Old friends circled back. Erick Barrios, a 20-year-old neighbor, said he began avoiding Stephanie a few years ago when she got deep into meth and told him to steal beer for her. Now they’ve reconnected.
“Before, she talked about getting high. Now she talks about college,” said Barrios, who is taking vocational classes with dreams to launch his own T-shirt company.
“Stephanie, finally you’ve changed,” he told her on a recent afternoon at their neighborhood park. “I knew you had it in you.”
But Stephanie still had unfinished business.
In April, she was back before Schuit in Sylmar Juvenile Court to settle the restitution owed to her victim. Stoutemire had told Stephanie she would need to pay only $220 to the county restitution fund because Pasternak never pressed a claim. Unexpectedly, however, Pasternak showed up in court that day to testify.
Pasternak, who lost an arm in a lion attack two decades earlier, described the family heirlooms stolen and said the robbery had felt like rape.
At some point, Stephanie laughed. Later, she explained that she often laughs when she is nervous.
Schuit appeared displeased. He ordered Stephanie to pay the full $29,770 demanded.
“You’re an adult now and you need to behave like an adult,” he told her.
Despite the reprimand, however, he allowed her probation to end.
Stephanie walked out of the courtroom, pushing aside worrisome questions about money to savor her newfound freedom.
“I’m off probation! I’m happy. I’m doing good. I’m not tripping. Probably in my lifetime I can pay it off.”

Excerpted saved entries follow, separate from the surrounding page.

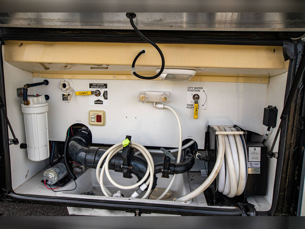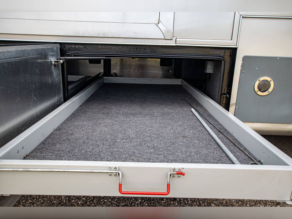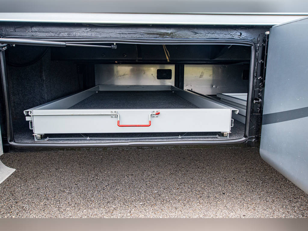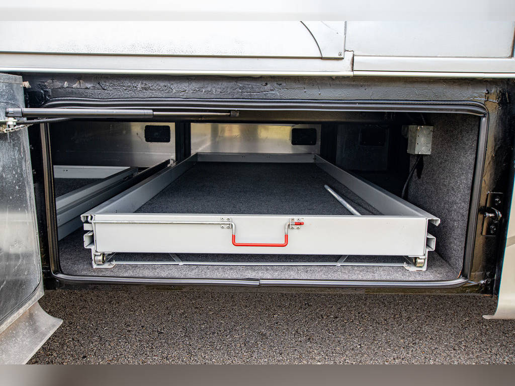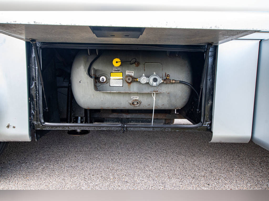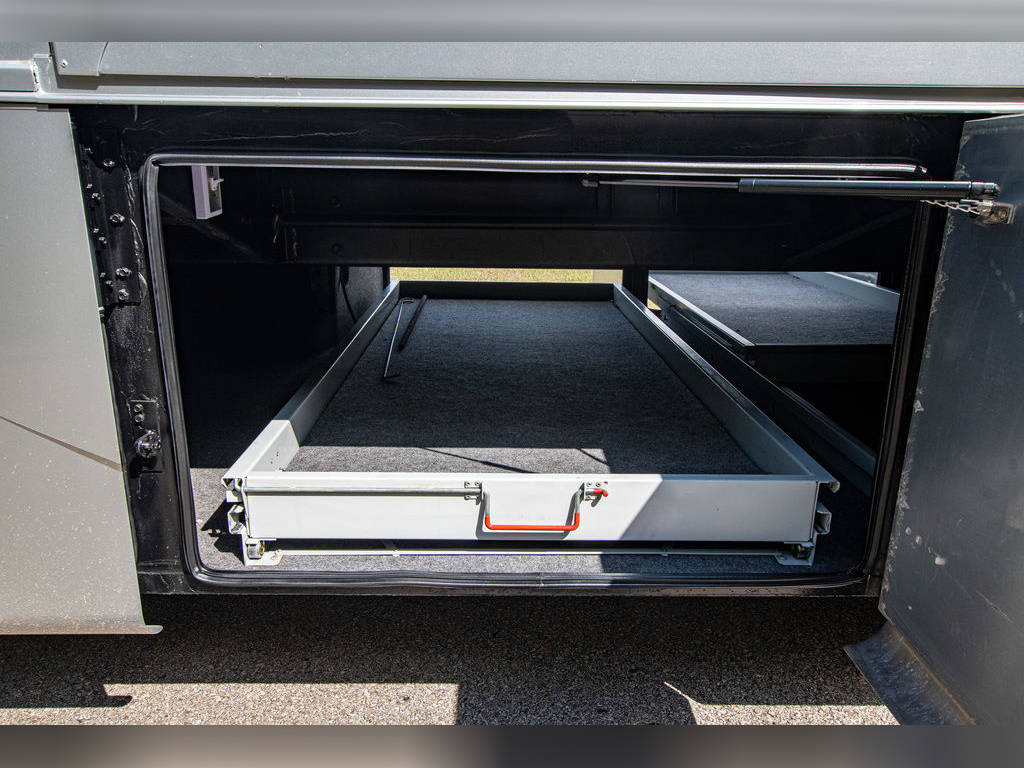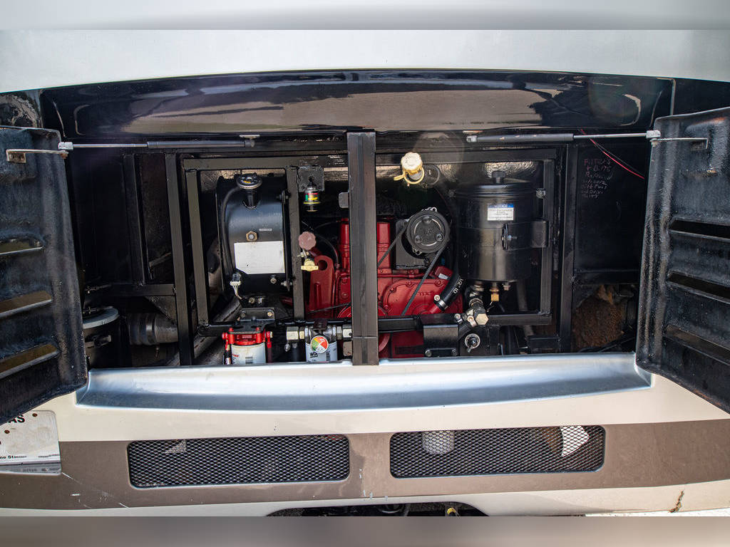 Ducted Air Spotlight w/ Remote Entry door screen Automatic entry step Power Sepwell Cover Generator on slide tray Dual Fuel Fills Gray Water Capacity 70 Gal. LP Capacity 35 Gal. Deluxe Full Body Paint Dual Pane Tinted Windows Black tank flush CS Kitchen Slide 13′ 4″ X 20″ CS Bed Room Dresser Slide 8′ 1″ X 14″ Folding Ladder in Bay
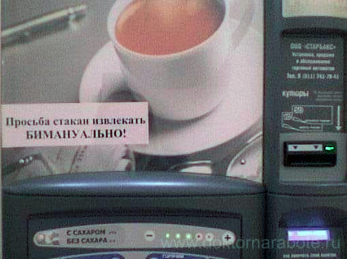 Бимануальный стакан хорош. Интересно, где это объявление висит.
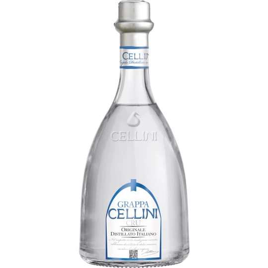 Cellini Cru ist eine gehobene Grappa-Bianca Qualität, mit einem hohen Anteil an Mono-Vitigno-Destillaten und reinen, warmen Aromen.

Stephanie began a $12-an-hour job as a student intern for Unite L.A., an affiliate of the Los Angeles Area Chamber of Commerce, but found herself too restless for a desk job and quit. But Unite L.A. will continue a scholarship fund to help pay for her restitution and educational expenses.
She’s excited about her criminal justice classes at Mission College, and she hopes to transfer to San Diego State University and become a probation officer.

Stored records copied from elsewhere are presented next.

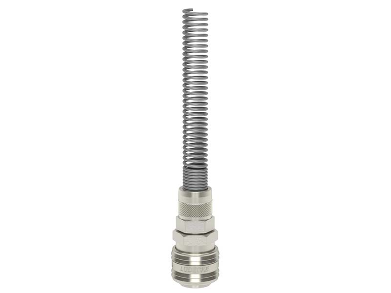 Gniazdo szybkozłącza jednostronnie odcinającego z króćcem na wąż, nakrętką zaciskową i spiralą ochronną wykonane z mosiądzu (MS 58) niklowanego, z elementami ze stali szlachetnej i uszczelnieniem z gumy nitrylowej (NBR).
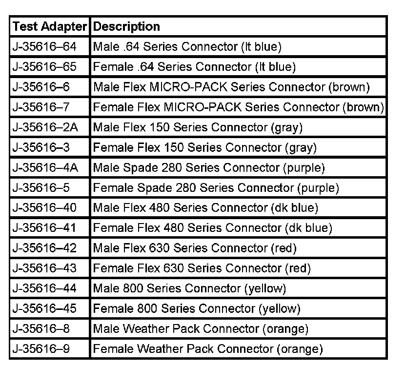 When using the J-35616 GM-Approved Terminal Test Kit, ensure the terminal test adapter choice is the correct size for the connector terminal. Do not visually choose the terminal test adapter because some connector terminal cavities may appear larger than the actual terminal in the cavity. Using a larger terminal test adapter will damage the terminal. Refer to the J-35616 GM-Approved Terminal Test Kit label on the inside of the J-35616 GM-Approved Terminal Test Kit for the correct adapter along with the connector end view for terminal size.
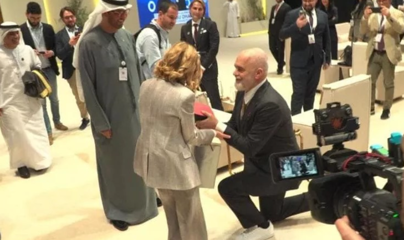 Në videon e publikuar nga mediat italiane, kryeministri Rama shihet teksa e pret Melonin në pavijonet e Qendrës Kombëtare të Ekspozitave në Abu Dhabi dhe teksa ajo mbërrin i drejtohet “Madhëria juaj” dhe i këndon një version të improvizuar të këngës “Tanti Auguri”.
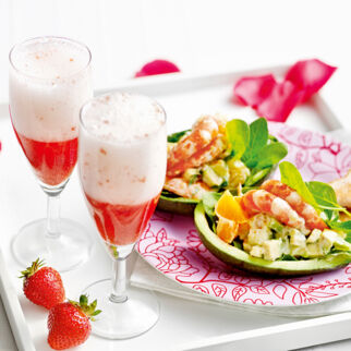 Den restlichen Zitronensaft mit dem Rapsöl, Salz, Pfeffer und Paprikapulver verrühren. Die Tomaten, Schnittlauch, Garnelen und die Avocado mit der Sauce vermengen, abschmecken und servieren.
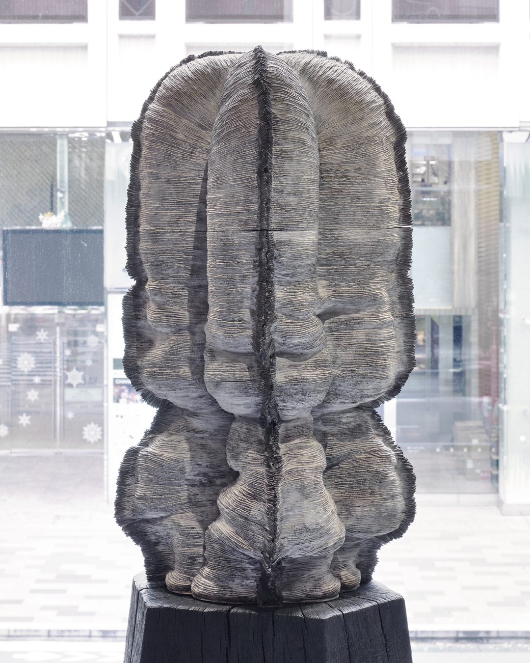 外壁は職人の手仕事で制作された、独特なマディグリーンのセラミックタイル。釉薬の不規則な表情とわずかな窪みが色彩に変化を生み、光を反射します。この深みのあるマディグリーンは、かつて江戸前島の先端にひろがる低湿地帯であった銀座の過去をも呼び覚まします。

But she admits that camp was easier, because she lived under strict rules enforced by authority figures. Outside, she’s still struggling: She has an explosive temper. She’s afraid she’ll always be an addict – at least in her mind. She’s squandered many opportunities to grow.
And she just learned that she’s pregnant. She’s decided to keep the baby – and continue her education.
Still, Stephanie believes she’s kept her promise to her grandfather.
“It’s been up and down, but I’m straight,” she said. “I’m not in jail.”